U.S. stocks rose after Federal Reserve officials approved plans to more quickly wind down pandemic stimulus efforts, giving investors more insight into the central bank’s response to high inflation.
All three major indexes turned higher after the afternoon release of a much-awaited Fed statement, published at the end of a two-day policy meeting, and continued to climb as Chairman Jerome Powell spoke at a news conference. Fed officials voted to hold rates near zero Wednesday but most signaled they were ready to lift their short-term benchmark rate at least three times next year.
Stocks had pulled back this week as investors awaited the update from the central bank. Some investors said that uncertainty about the Fed’s next moves, rather than unhappiness with the potential changes in monetary policy, may have weighed on stocks in recent sessions.
The market’s reaction to the Federal Reserve’s statement was “almost like a sigh of relief,” said Anu Gaggar, global investment strategist at Commonwealth Financial Network. “It’s like that uncertainty has been lifted.”
The S&P 500 gained 75.76 points, or 1.6%, to 4709.85, closing less than 0.1% away from a record. Ten of the U.S. stock benchmark’s 11 sectors rose, while the energy group declined. The Dow Jones Industrial Average rose 383.25 points, or 1.1%, to 35927.43. The Nasdaq Composite climbed 327.94 points, or 2.2%, to 15565.58.
Accommodative monetary policy has helped propel U.S. indexes to dozens of records since the arrival of the coronavirus pandemic sent stocks swooning in early 2020. Low interest rates have made it easy for companies to borrow and pushed investors toward stocks.
But surging consumer prices have intensified the focus by Fed officials on curbing inflation, raising questions among investors about how quickly the central bank would pare back its asset purchases and lift its short-term benchmark rate. U.S. inflation hit a 39-year high in November and producer prices also jumped.
“What’s really coming in context is that inflation is hotter for longer than expected and the Fed is acknowledging it,” said Esty Dwek, chief investment officer at FlowBank, before the Fed’s afternoon announcement. “There’s also the view that new variants are not just a concern for growth, but a concern for inflation.”
Oil prices ticked higher after the Fed statement, with global benchmark Brent crude adding 0.2%. The International Energy Agency said Tuesday it had reduced its forecast for 2022 energy demand, citing the Omicron variant of the coronavirus, and cut its supply outlook.

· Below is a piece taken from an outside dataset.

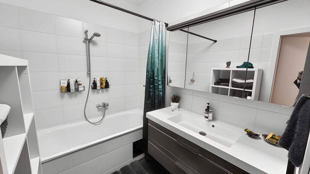 - Bad mit hochwertigem Waschbecken und Spiegelschrank

The emergence of the Omicron variant has injected fresh volatility into markets in recent weeks as investors question whether their previous expectations for the economy still hold. The first large real-world study showed that the efficacy of two Pfizer shots declined against the strain, both for infection and hospitalization. The variant accounts for about 3% of cases in the U.S.
“Our view is that Omicron passes,” said Alex Chaloff, co-head of investment strategies at Bernstein Private Wealth Management. “It’s more worrisome that there continues to be these mutations and new strains.”
In new economic data, retail sales rose by a seasonally-adjusted 0.3% in November, slowing from October’s pace. Economists had predicted an 0.8% increase amid the holiday shopping season.
U.S. government bond yields rose, with the yield on the benchmark 10-year U.S. Treasury note climbing to 1.460% Wednesday from 1.437% Tuesday. Yields rise as bond prices fall.
Among individual stocks, Eli Lilly shares climbed $25.90, or 10%, to $275.28 after the pharmaceutical company raised its full-year guidance. Shares of chemical company Albemarle fell $4.04, or 1.7%, to $239.79 after Goldman Sachs cut its rating on the stock.
Bitcoin climbed along with stocks. It traded at about $49,221 at 5 p.m. Eastern on Wednesday, up 1.9% from 24 hours earlier, according to CoinDesk.
Overseas, the pan-continental Stoxx Europe 600 added 0.3%. In Asia, most major benchmarks closed down. The Shanghai Composite Index retreated 0.4%, while Hong Kong’s Hang Seng Index lost 0.9%. Data showed China’s economic activity slowed in November, driven by a property slump and sluggish consumer spending.